The School of Obedience
By Aaron Kauffman
I love school. I’ve been a student for most of my life. If all goes well, this spring I will graduate from a doctoral program. Learning is a way of life for me.
Discipleship is about the most important kind of learning possible, learning to follow after Jesus. Yet too often, we see it as an add-on rather than an essential part of Christian faith.
Perhaps if discipleship were only a matter of acquiring information, we would be less inclined to neglect it. But it’s more than that. To truly know Jesus, we must walk in obedience to his ways. In the words of the early Anabaptist Hans Denck, “No one can truly know Christ unless they follow after him in daily life, and no one can follow Christ in daily life unless they truly know him.”
You might call this kind of discipleship obedience-oriented education. A story from Thailand illustrates the concept well.
For the better part of two decades Skip and Carol Tobin helped spark a movement of disciples among rice farmers in northeastern Thailand. Early on, Skip and his teammate Andre decided to minister as itinerant teachers, since teachers are revered in that Buddhist context. They would visit villages, offering to teach a “Life Enrichment Course for Buddhists” based on the life and teachings of Jesus.
One day, in the course of one of these visits, Skip and Andre were invited to pray for an elderly blind woman. God answered their prayers for healing in a different way than they expected. The woman did not recover her sight. Instead, she experienced freedom from night terrors when, to the shock of the watching village, Skip and Andre removed the spirit shelf from her home and prayed for her.
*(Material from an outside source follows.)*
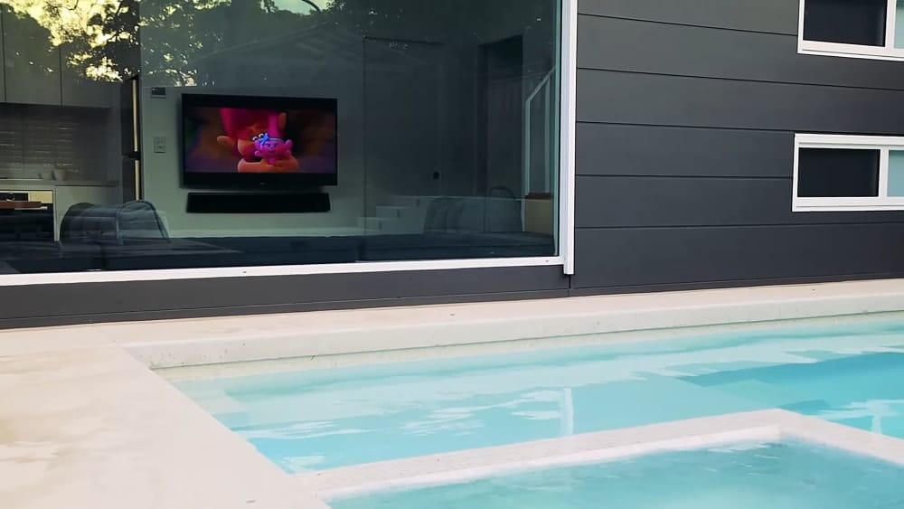 The television placement showcases the kind of creative problem-solving that defines this entire home – positioned at the perfect height for viewing from both indoor seating and the swimming pool itself. During construction, Dan could be found sitting in the half-built pool, carefully calculating angles and heights to ensure the setup would work perfectly for poolside movie nights.

When Skip and Andre visited again, the whole village gathered at the woman’s home and announced, “We want you to teach us your life enrichment lessons.” Skip and Andre responded, “We can’t speak your language very well, and we can’t teach all of you at once. Choose one person from the village, someone you trust, and we will teach that person. Then, that person can teach you.” So the village chose a young man known as Uncle Skinny.
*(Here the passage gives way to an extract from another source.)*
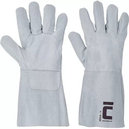 • bélés nélküli marha hasított bőr védőkesztyű 15 cm széles mandzsettával • tanúsítvány: hegesztés - B típus (W változat – szélesebb mandzsetta)

The course began with something completely unknown within the Buddhist worldview: the account of God’s actions in human history as recorded in the Bible. Uncle Skinny obediently shared the stories with his neighbors after studying each lesson.
They moved on to stories of Jesus. Again, each lesson prompted a personal response, this time to the authoritative Lord Jesus Christ, who invited and enabled everyone he encountered to follow him. Over time, Uncle Skinny and his neighbors obeyed their way into a living relationship with Jesus Christ.
Today, Life Enrichment Church is a network of village-based churches made up of hundreds of believers whose lives have been changed by Christ. And Uncle Skinny, also known as Pastor Joi, continues to teach Buddhist rice farmers in his own country and beyond what it means to know and follow the Lord Jesus Christ.
What might happen in our churches if we all enrolled in Jesus’ school of obedience?